AIM OF THE TASK |
Please return all lines in the listing holding the word "with".

EXTRACTED DATA |
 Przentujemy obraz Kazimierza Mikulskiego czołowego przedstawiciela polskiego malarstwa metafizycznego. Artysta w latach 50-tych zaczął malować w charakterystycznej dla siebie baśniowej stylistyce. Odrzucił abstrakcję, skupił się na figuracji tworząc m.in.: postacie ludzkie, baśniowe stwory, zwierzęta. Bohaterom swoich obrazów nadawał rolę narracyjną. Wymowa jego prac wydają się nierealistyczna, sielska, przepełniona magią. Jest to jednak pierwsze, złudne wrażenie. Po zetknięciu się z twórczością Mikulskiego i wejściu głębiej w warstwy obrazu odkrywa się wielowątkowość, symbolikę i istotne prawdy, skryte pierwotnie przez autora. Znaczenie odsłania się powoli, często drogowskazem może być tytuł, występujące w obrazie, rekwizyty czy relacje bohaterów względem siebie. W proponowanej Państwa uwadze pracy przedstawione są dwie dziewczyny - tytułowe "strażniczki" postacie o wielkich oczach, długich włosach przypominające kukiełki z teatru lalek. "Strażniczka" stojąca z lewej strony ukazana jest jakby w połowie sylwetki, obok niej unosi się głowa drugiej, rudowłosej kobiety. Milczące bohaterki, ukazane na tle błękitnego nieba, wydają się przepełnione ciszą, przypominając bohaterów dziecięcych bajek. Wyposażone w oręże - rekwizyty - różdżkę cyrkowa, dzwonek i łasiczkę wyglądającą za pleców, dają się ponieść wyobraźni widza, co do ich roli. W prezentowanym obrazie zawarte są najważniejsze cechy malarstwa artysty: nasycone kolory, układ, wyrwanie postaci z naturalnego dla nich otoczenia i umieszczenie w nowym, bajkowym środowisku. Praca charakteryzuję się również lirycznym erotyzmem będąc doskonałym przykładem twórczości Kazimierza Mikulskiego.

* * *

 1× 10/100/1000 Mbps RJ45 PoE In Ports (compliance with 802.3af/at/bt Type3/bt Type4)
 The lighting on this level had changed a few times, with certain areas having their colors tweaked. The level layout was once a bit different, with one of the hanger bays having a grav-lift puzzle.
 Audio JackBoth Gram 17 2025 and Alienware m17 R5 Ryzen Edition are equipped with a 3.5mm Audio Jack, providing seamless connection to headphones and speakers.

SOLVED PROBLEM |
 1× 10/100/1000 Mbps RJ45 PoE In Ports (compliance with 802.3af/at/bt Type3/bt Type4)
 The lighting on this level had changed a few times, with certain areas having their colors tweaked. The level layout was once a bit different, with one of the hanger bays having a grav-lift puzzle.
 Audio JackBoth Gram 17 2025 and Alienware m17 R5 Ryzen Edition are equipped with a 3.5mm Audio Jack, providing seamless connection to headphones and speakers.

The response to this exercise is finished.